Would you transcribe exactly the lines from the one containing "16 Question types: Quantities" to the last line of the data below, both ends included, but none of the pictures?

# Supplied data

* * * *

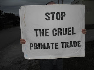 On December 1st, nearly two dozen activists gathered at the Fort Lauderdale headquarters of Amerijet International to once again condemn their involvement in the unethical transport of primates. Amerijet is one of the few remaining airlines that still transports primates for the vivisection industry. These unfortunate animals are destined to be used in painful experiments during which most will die. Amerijet has worked with the recently exposed company, Primate Products, whose gruesome photographs turn the stomach of every animal lover. A number of police were in attendance. We promise to continue protesting Amerijet until they stop the monkey flights.
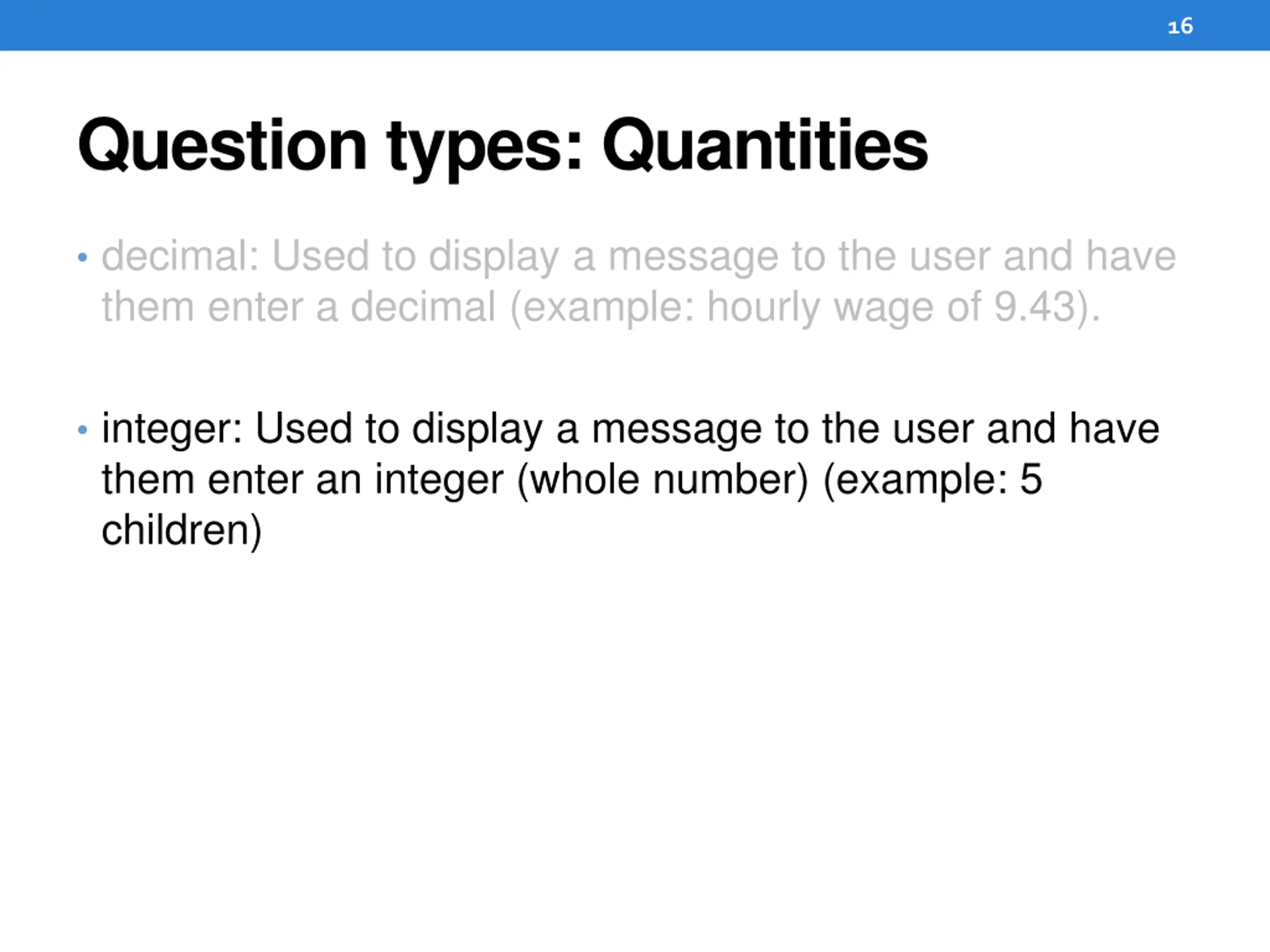 16 Question types: Quantities decimal: Used to display a message to the user and have them enter a decimal (example: hourly wage of 9.43). integer: Used to display a message to the user and have them enter an integer (whole number) (example: 5 children)
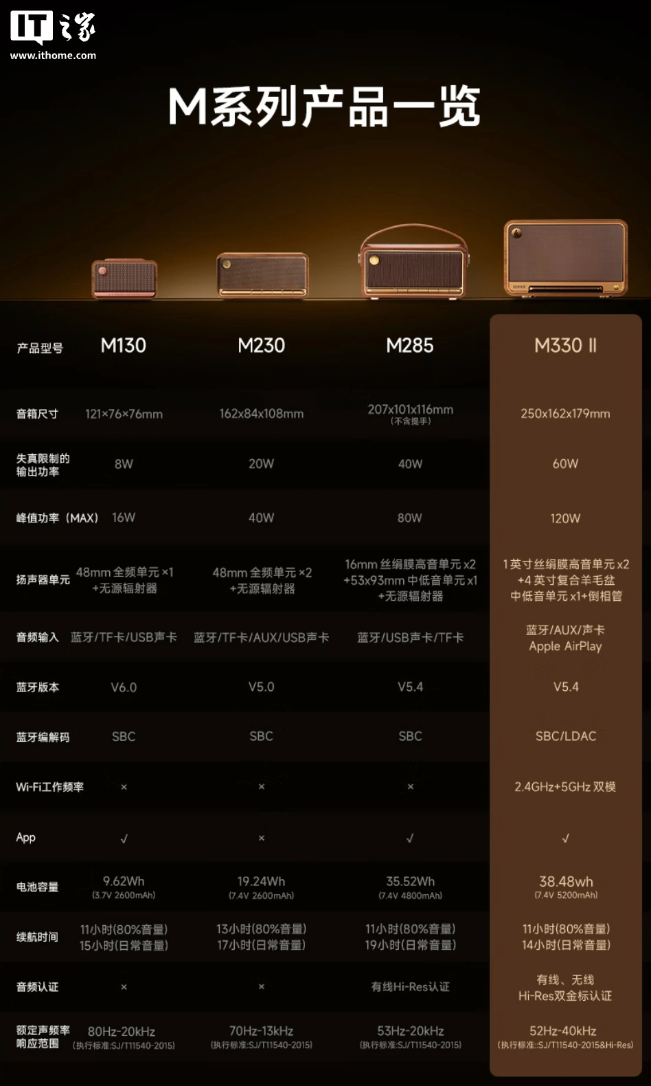 漫步者 M330 II 蓝牙音箱发布:新增支持 LDAC 协议、苹果 AirPlay,959 元

* * * *

# Solution to the problem
 16 Question types: Quantities decimal: Used to display a message to the user and have them enter a decimal (example: hourly wage of 9.43). integer: Used to display a message to the user and have them enter an integer (whole number) (example: 5 children)
 漫步者 M330 II 蓝牙音箱发布:新增支持 LDAC 协议、苹果 AirPlay,959 元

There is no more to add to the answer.